Граф сообщал, что сражается сейчас под командованием герцога Люксембургского, военное мастерство которого позволил французским войскам одержать трудную победу при Неервиндене.

«Мне горестно говорить о том, сколько славных воинов осталось на поле боя. И хотя потери врага еще более значительны, это приносит мало облегчения.

Мы долго преследовали бегущего противника, и воины Вильгельма Оранского из-за нехватки мостов через Геету вынуждены были бросаться прямо в воду».

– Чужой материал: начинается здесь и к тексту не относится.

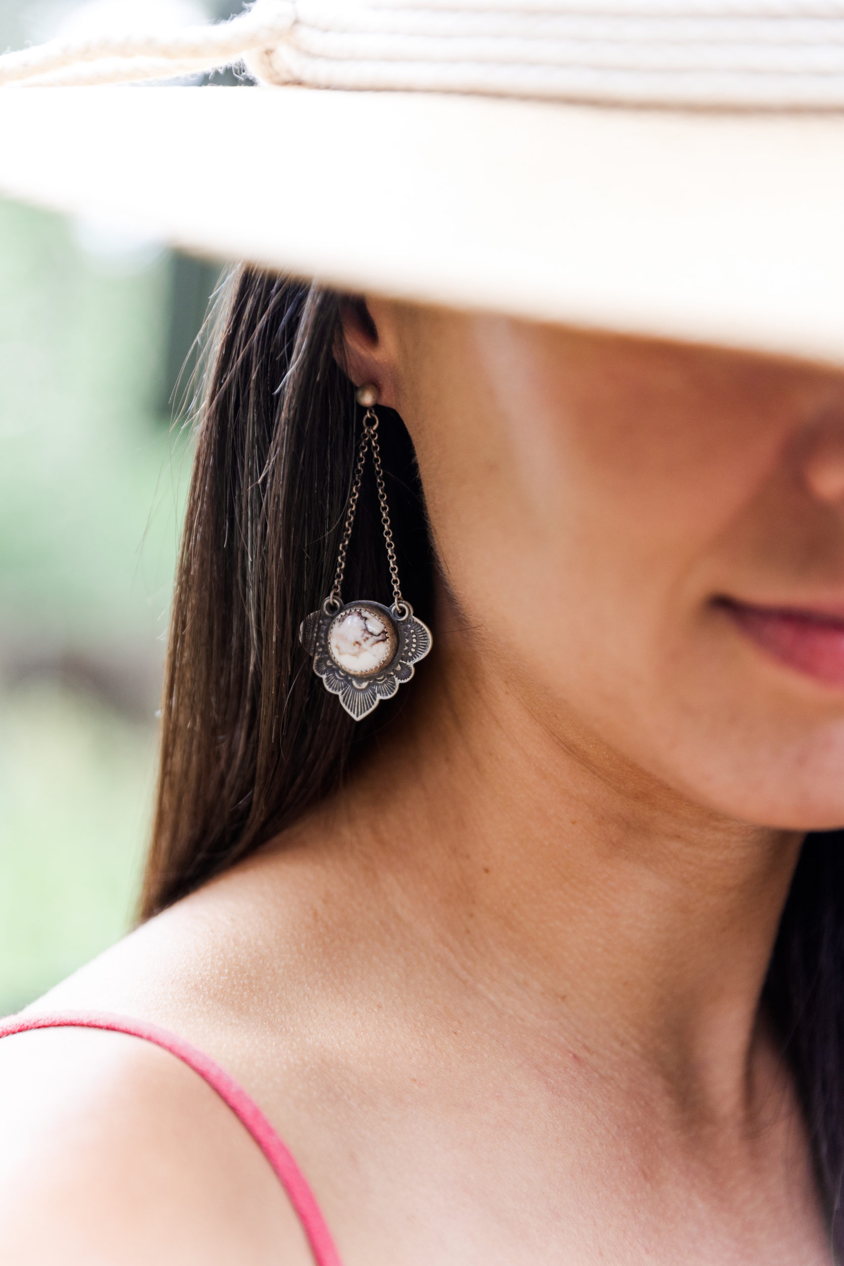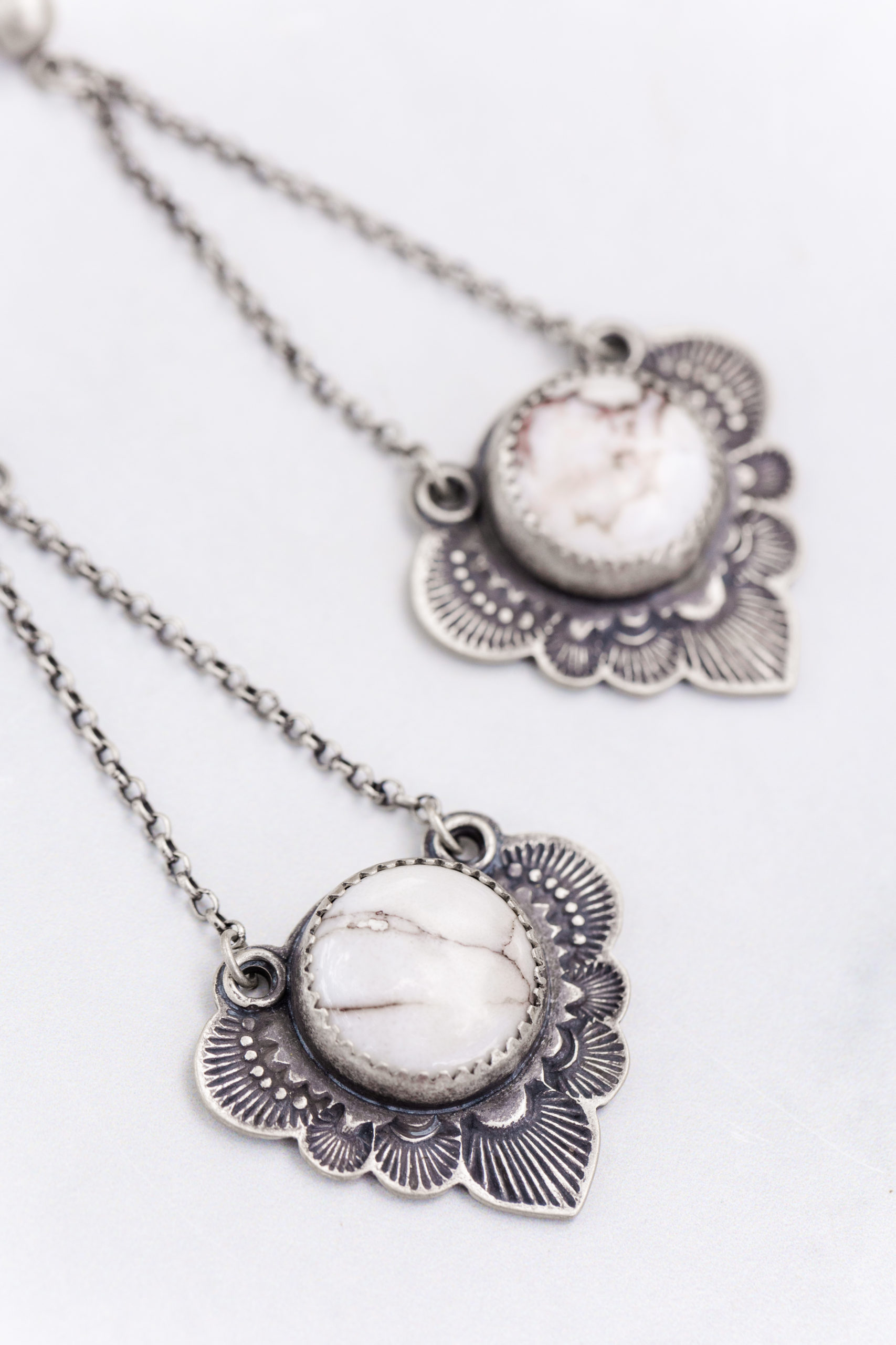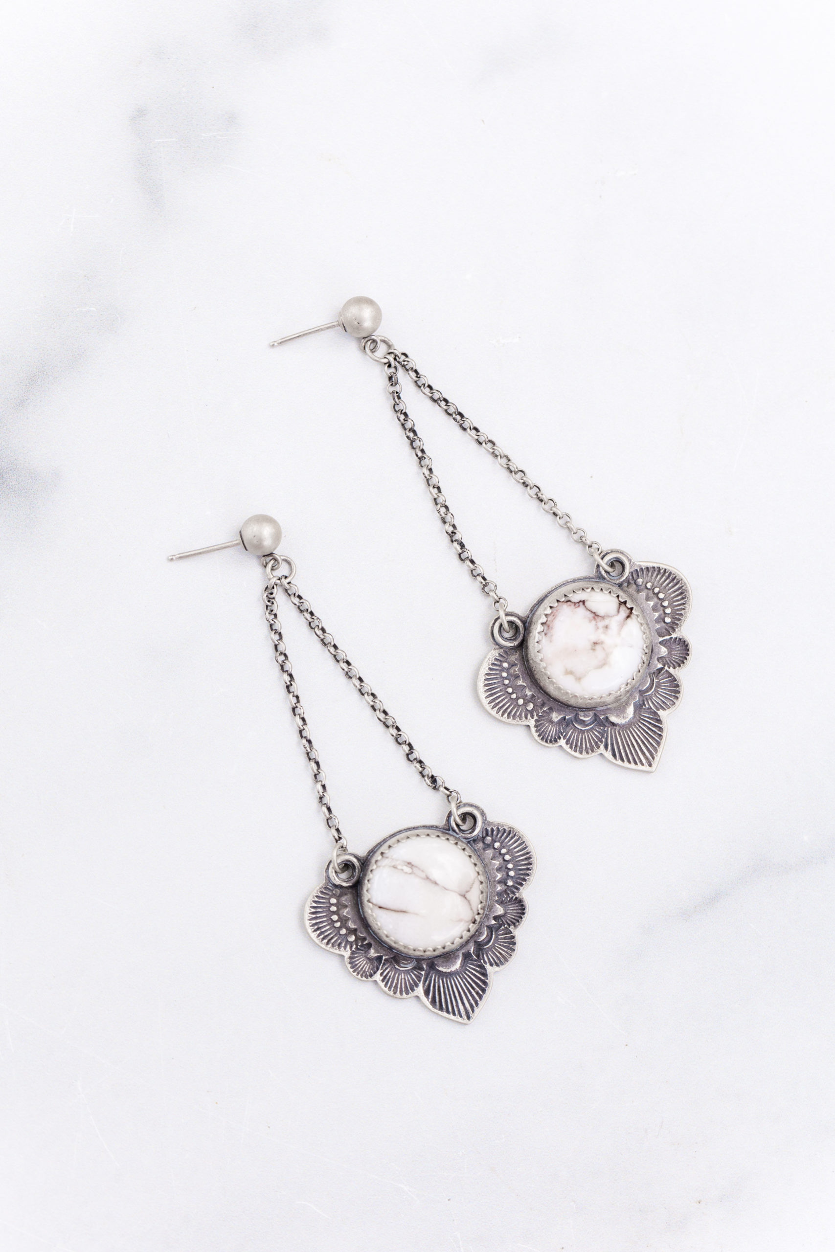 White Horse Magnesite stones surrounded by handstamped detailed and scalloped edges. They hang from chain and sturdy ball studs for an overall pendant effect. They’re 2 3/4″ long from the stud to the tip of the pendant. They come with extra wide earring backs to support the weight of earring but they are not visible from the front of the lobe.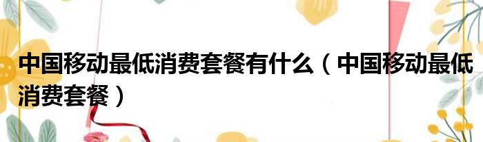 中国移动最低消费套餐有什么(中国移动最低消费套餐)
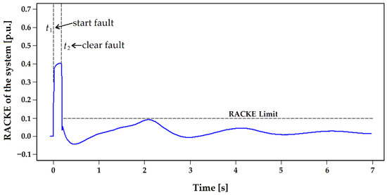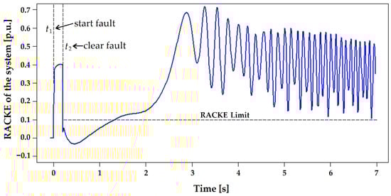 Figure 12 shows the behavior of the RACKE_SIS for an unstable case of the three-phase fault in line 13–14, when the clearing time is = 200 ms. Note that the RACKE_SIS, during the transient state operation, presents a similar value to the critical stable case presented in Figure 11. However, after the event and the first response, the machines begin to absorb energy rapidly until they collapse. When the curve reaches the limit (RACKE > ), the generators continue to absorb kinetic energy, making them move faster, thus further increasing their kinetic energy. Therefore, a control action must be carried out when this limit is exceeded to dissipate the energy stored by the electrical machines.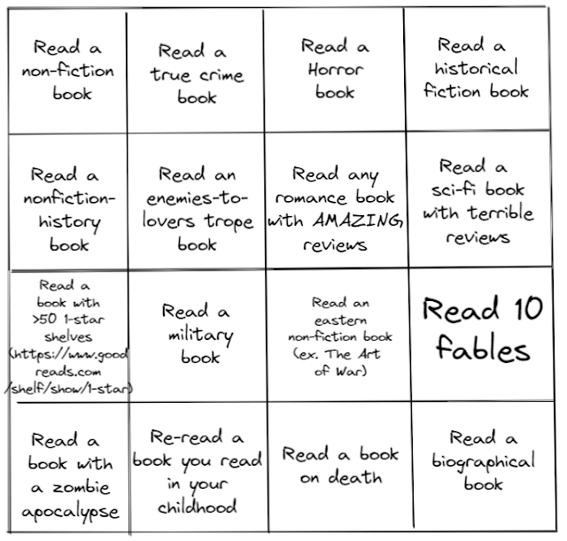 Here's an example of a checklist you could use if you wanted to expose yourself to new genres and read 16 books: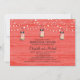 Perfecto para un Boda de estilo campestre o tal vez te guste Mason Jars para cualquier evento! Diseño a la moda de un Rustic Wood y Mason Jars se llenaron colgando de una cuerda de luces brillantes. Madera de granero de color CORAL. Si tiene alguna pregunta sobre este diseño o desea un cambio de color, por favor envíeme un correo electrónico a paula@labellarue.com También compruebe si las tarjetas de Boda Suite, INVITATION, RSVP, RECEPTION y GUEST SEATING coinciden.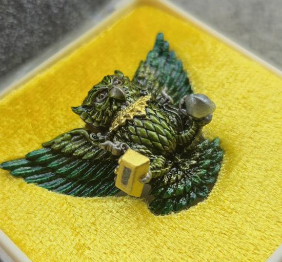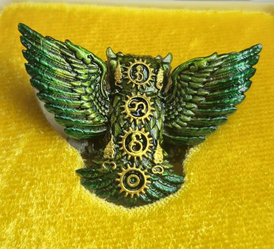 พิมพ์ใหญ่เครื่องรางสายเหนือ พญานกถึดทือ ครูบาศักดิ์ จ.ลำปาง เนื้ออัลปาก้าซาติยลงยาเขียว พุทธคุณ โชคลาภวาสนา นักเสี่ยงโชคดีนักแล กล่องเดิม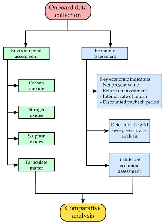 The case study vessel was built in 1998 and typically operates between ports in the southern United States, primarily Miami, and various destinations throughout the Caribbean Sea. This operational profile is particularly relevant, as Miami lies within the North American Emission Control Area (ECA) designated by IMO. ECAs enforce stricter SOX emission limits than the global standard, reducing the permissible sulphur content in marine fuels from 0.5% to 0.1%. The data for the environmental and economic assessments were collected from the ship’s electronic logbook, during the month of April 2024. Although the vessel is aging, company officials intend to keep it in operation for an additional ten years. This projected service lifetime has therefore been adopted as the time horizon for the economic modelling.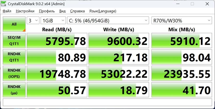 Если перейти к сценарию с минимальной очередью запросов, который ближе к реальной пользовательской нагрузке, показатели ожидаемо снижаются. Последовательное чтение в этом режиме составляет 5795 МБ/с, а запись 9600 МБ/с. Для случайных операций 4K получаем 80.9 МБ/с при чтении и 217 МБ/с при записи, что соответствует примерно 19.7 тыс. IOPS и 53 тыс. IOPS соответственно.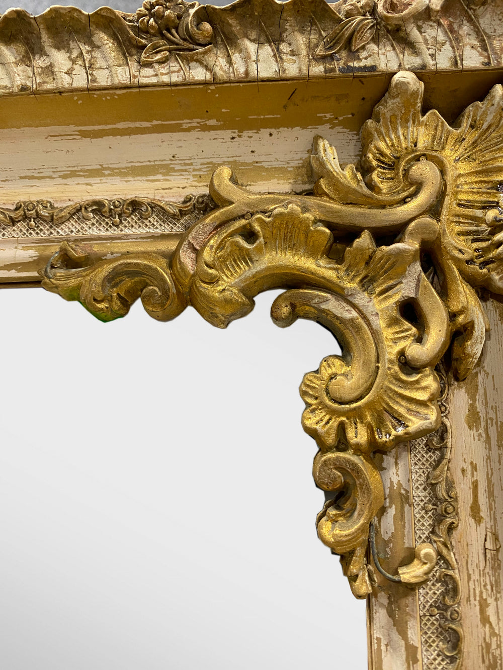A fine French 19th century mantel, hall, or floor mirror of exceptional quality and large proportions. The original mercury mirror glass plate of rectangular form is set within a fabulously hand-carved and molded painted frame. Traces of the original gold gilding can be seen on the beading as well as the outer edge of the frame. The original paint colors of cream make the overall look of this well patinated mirror truly gorgeous. The original glass shows traces of foxing and sparkling diamond dust at the bottom edge.

О своих заслугах он почти не писал, лишь вскользь упомянув о том, что был удостоен недавно учрежденного его величеством ордена Святого Людовика. Зато с большой теплотой отзывался о героизме своих товарищей – барона Пуанкаре и шевалье Дижона.

В конце письма он велел передать месье Эрве, чтобы тот не отправлял ему денег, как делал это прежде, до окончания его участия в военных баталиях, но просил меня позаботиться о том, чтобы мадам Карбонье получила ежегодную плату за пребывание в ее пансионе вдовствующей графини де Валенсо.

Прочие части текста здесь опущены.